There has been a great deal of worry in the US about the state of literacy and education of the young. The great schools with the highest standards still attract and educate. Many other schools spoon-feed vocational courses into lethargic kids. However, new studies that prove teenagers in Britain and the United States do not know how to use condoms are disconcerting.
An interesting Fox.com article in 2002 by Glenn Harlan Reynolds, “Teen Sex and Media Hype” makes a good point about the infantalization of teens in our society. He wrote of teens coddled to the point where they did not have to accept responsibilities nor to act in constructive paths. Perhaps, he mused, if they were, they would behave in the role of citizens and be less like the traditionally irresponsible leisure classes “… with all the vices that have historically attended leisure classes.”
He also noted that treating them as infants in growing and sexual bodies keeps them from developing the “base of judgment and self-respect” that allows for appropriate decision-making. Appropriate decisions imply deciding when they are ready for sex (always a difficult choice given the flooded hormonal circuits of the adolescent) and should be better about learning about and taking responsible precautions.
The forces against science and knowledge and even a group who are opposed to education about sex (hard to imagine, isn’t it?) continue to dominate school boards or try to. More than a few times they have managed to ban books and work their censorship incantations over library choices.
It is not a slight lessening of intellectual interest in young people that is the problem. This week’s report from the U.K. proves that the world faces a real problem of dumbness (or is it numb-ness?)
USA Today published the article, “Report: Teenagers often shun condoms” early in the month. It reported on a study appearing from Child Trends, a not-for-profit agency in Washington, D.C. that those teens who are sexually active do not use condoms regularly. This activity puts them in danger of acquiring STDs, passing them and creating pregnancies.
Almost fifty percent of the male teens who were sexually active, during the year before the survey, said they regularly employed a condom. Only 28% of the girls reported that one had been used.
Their good news was that,
Efforts to promote contraceptive use may be having an effect. The teen birth rate has been declining: in 2004 it was 41.2 births per 1,000 girls ages 15-19, down from a peak of 61.8 births per 1,000 in 1991, says Child Trends’ Kerry Franzetta, lead author of the report.
Medicinenet reported on a study of 1373 British teenagers done by London’s National Children’s Bureau. Get ready! The title of the article was, “Many Teens Use Condoms Incorrectly”. This is a hard one to believe but read it I did. We knew teens have sex (I did and it was fun). We know those who have sex should use condoms to protect against STDs and unwanted pregnancies. How could anyone have guessed they couldn’t figure out what to do with a rubber cylinder and a, dare I write it, penis? How many teenagers does it take to stick it on before the fun begins and take it off after it’s over?

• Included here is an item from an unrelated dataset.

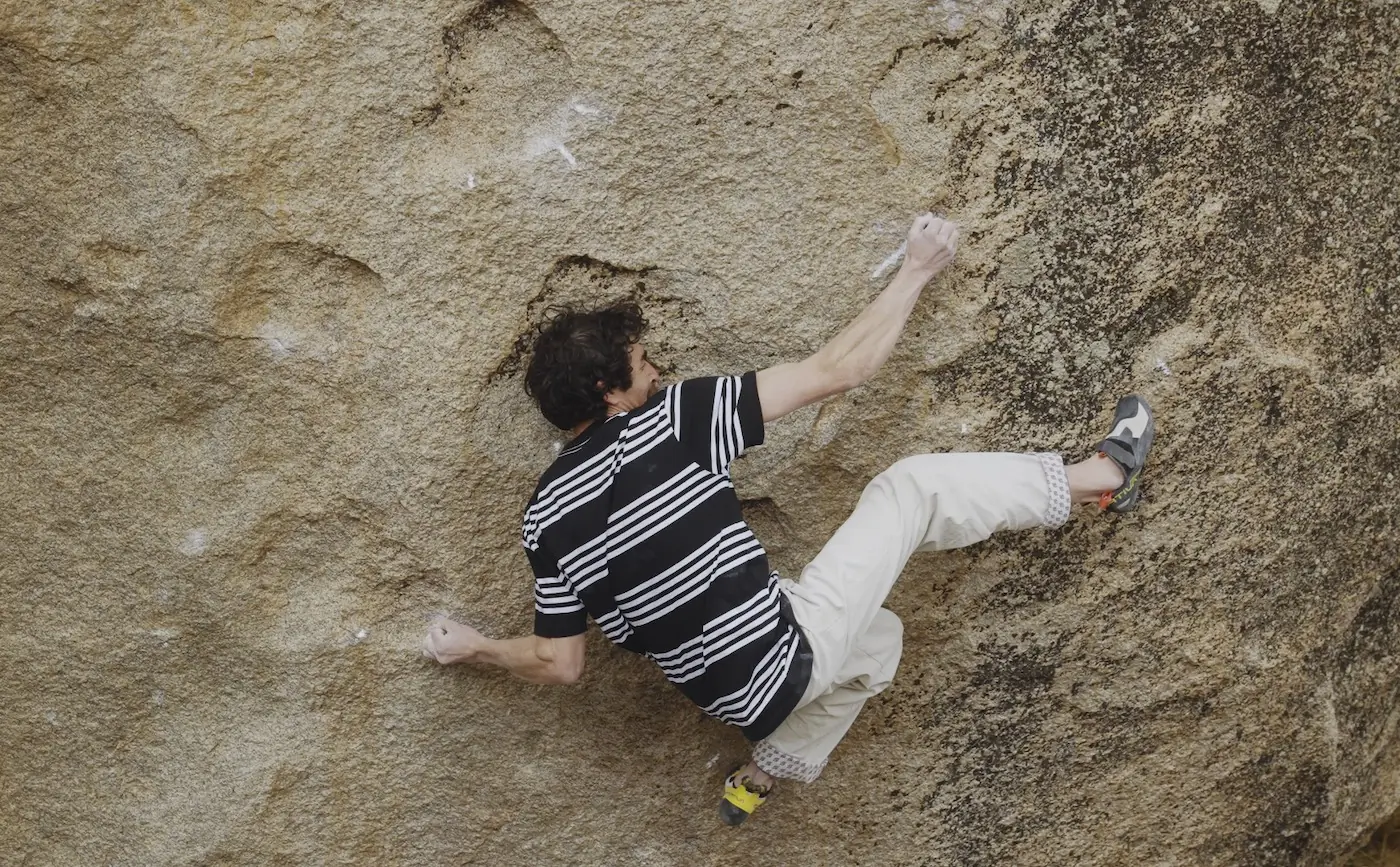 On some of the hardest climbs, Takahashi frequently uses different shoes on either foot to give himself an extra margin for specific cruxes. Recently, he climbed a new V15 first ascent in Bishop, Calif., with a Mandala on his right foot and a Solution on his left.

Quite a few, it seems.
In the London study published in the online edition of The Journal of Sexually Transmitted Infections the 1373 were interviewed and, where possible their diaries were examined. About half reported that they had had vaginal intercourse and two-thirds of them said they used a condom the last time they had sex.
Does that mean they are protected against sexually transmitted diseases? Not necessarily. Hatherall and colleagues find that 6% of the kids (who had reported that they used a condom the last time they had sex) said they put the condom on after vaginal penetration — and 6% said they continued vaginal penetration after condom removal.
There is room to worry when the arts are ignored and the sciences shunned. Playing video games instead of reading Dickens is sad. Not being attracted to books, libraries, serious film, creative acts and burning with the desire to learn all there is to know is depressing.
An interesting and, probably, worthwhile website is Cool Nurse.com in their section on sexuality says that “Despite our collective wish that teenagers postpone sexual activity until adulthood, the reality is that more than half of them will not wait.” This is hardly a new phenomenon in the growth process. This is not an American problem even though “… we do have the dubious distinction of having the highest rate of adolescent pregnancies among the world’s industrial countries.” The most important distinction between the U.S. and the other “advanced” countries (where teens are at least as sexually active as are ours) is that the U.S. has failed in the provision of information and access these adolescents need to protect themselves in the battle against STDs (including AIDS) and unwanted pregnancies.
As a result, teenagers rarely use any form of contraception during their first episode of sexual activity and it usually takes about a year before they use any effective birth control method. It is not surprising, therefore, that most teenage pregnancies occur within the first six months after teens begin to have intercourse. Currently, about one million teens become pregnant each year in the United States.
However, consider the intellectual gap that includes not knowing how to use a condom. This is a dangerous place to park your dunce cap. I don’t have a teen-ager and I am too old to start one now. But obviously there is something missing in communication at home, in school and in the media. You can tell them “Don’t” but they have to have the ability, desire and ready access to information in order to know how to protect themselves.